*WHAT THE TASK REQUIRES*.
From the listing that follows, reproduce only the lines from the one holding "Koelmiddel R600A Merk: Gamco" through the one holding "- Квартира оборудована", both included, with no pictures.
--- INPUT DATA Enclosed Below ---
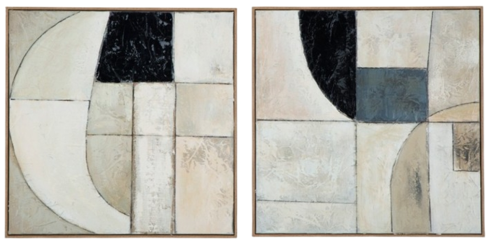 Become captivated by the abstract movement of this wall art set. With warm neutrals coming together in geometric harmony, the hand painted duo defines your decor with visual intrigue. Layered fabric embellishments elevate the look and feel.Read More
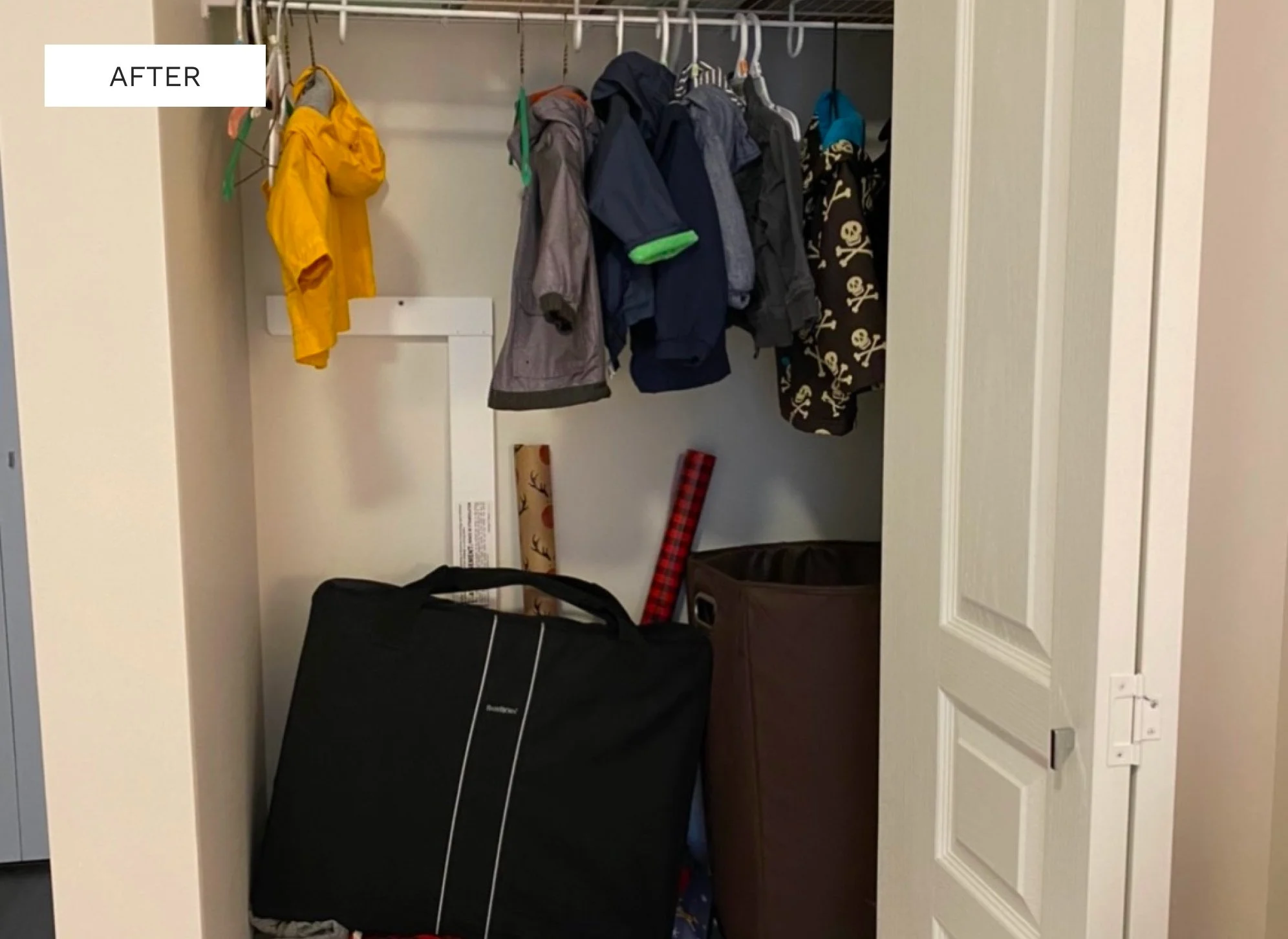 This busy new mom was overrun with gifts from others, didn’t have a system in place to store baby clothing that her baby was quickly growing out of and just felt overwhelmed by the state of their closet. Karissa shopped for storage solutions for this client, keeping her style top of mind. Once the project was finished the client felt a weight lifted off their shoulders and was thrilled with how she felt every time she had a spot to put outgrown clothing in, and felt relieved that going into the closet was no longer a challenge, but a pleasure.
--- End of Enclosed INPUT DATA ---
--- INPUT DATA Enclosed Below ---
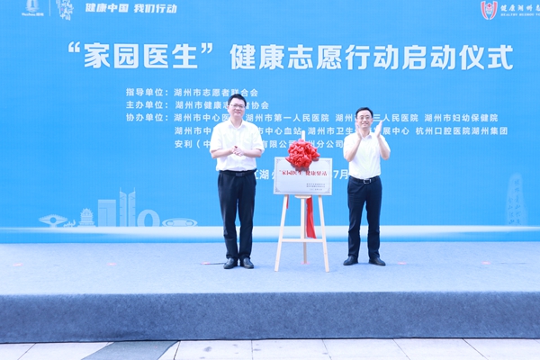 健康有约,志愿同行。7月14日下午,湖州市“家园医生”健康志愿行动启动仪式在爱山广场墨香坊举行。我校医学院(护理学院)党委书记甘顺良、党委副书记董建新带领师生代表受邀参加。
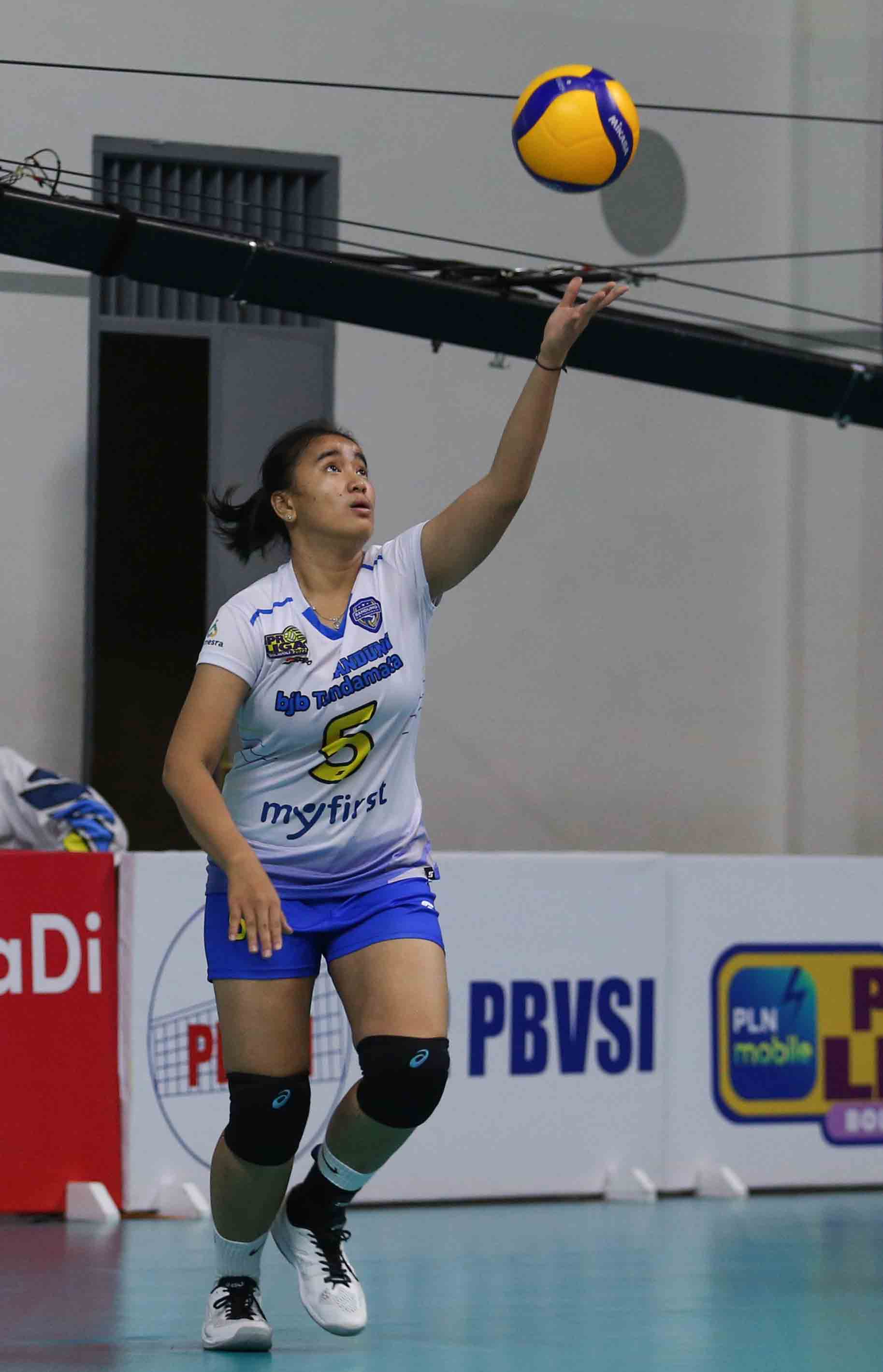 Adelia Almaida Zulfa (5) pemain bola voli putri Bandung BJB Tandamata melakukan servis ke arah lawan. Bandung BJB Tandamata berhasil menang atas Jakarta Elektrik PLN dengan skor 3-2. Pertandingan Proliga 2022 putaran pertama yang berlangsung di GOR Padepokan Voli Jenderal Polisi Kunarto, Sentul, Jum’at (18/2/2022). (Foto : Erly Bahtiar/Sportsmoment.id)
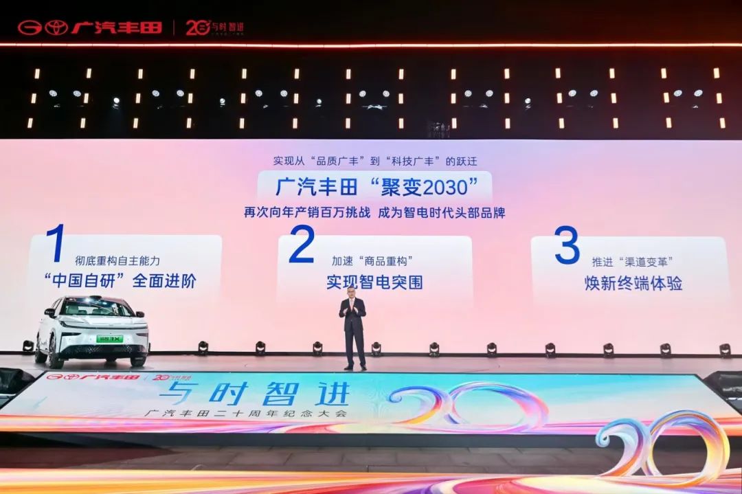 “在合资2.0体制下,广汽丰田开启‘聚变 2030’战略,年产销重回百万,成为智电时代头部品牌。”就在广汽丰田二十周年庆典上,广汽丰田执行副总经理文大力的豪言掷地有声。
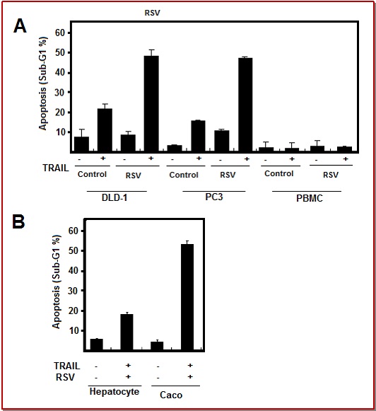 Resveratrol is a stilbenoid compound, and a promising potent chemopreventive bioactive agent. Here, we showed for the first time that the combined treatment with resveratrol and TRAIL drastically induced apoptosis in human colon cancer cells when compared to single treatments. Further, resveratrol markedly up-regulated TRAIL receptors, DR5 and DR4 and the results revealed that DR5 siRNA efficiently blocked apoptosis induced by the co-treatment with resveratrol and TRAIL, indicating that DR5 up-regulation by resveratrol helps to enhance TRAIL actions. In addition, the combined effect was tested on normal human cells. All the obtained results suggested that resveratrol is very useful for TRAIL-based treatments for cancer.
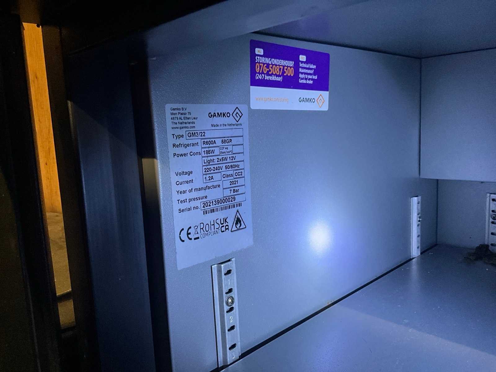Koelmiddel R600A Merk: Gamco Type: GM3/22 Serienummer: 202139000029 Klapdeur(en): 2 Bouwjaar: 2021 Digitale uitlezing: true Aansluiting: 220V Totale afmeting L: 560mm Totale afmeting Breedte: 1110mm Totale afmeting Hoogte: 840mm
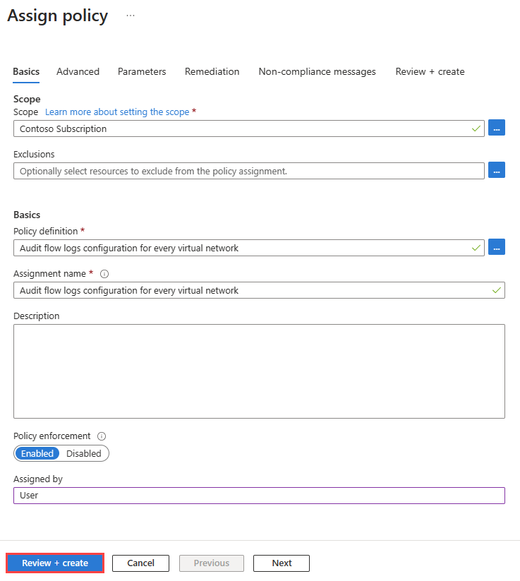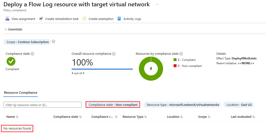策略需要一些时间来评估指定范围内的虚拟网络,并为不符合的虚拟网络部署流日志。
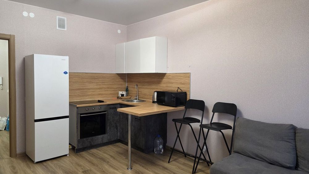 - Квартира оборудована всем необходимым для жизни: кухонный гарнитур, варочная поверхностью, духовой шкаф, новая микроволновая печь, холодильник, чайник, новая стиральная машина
--- End of Enclosed INPUT DATA ---
*RESPONSE TO THE EXERCISE*.
Koelmiddel R600A Merk: Gamco Type: GM3/22 Serienummer: 202139000029 Klapdeur(en): 2 Bouwjaar: 2021 Digitale uitlezing: true Aansluiting: 220V Totale afmeting L: 560mm Totale afmeting Breedte: 1110mm Totale afmeting Hoogte: 840mm
策略需要一些时间来评估指定范围内的虚拟网络,并为不符合的虚拟网络部署流日志。
 - Квартира оборудована всем необходимым для жизни: кухонный гарнитур, варочная поверхностью, духовой шкаф, новая микроволновая печь, холодильник, чайник, новая стиральная машина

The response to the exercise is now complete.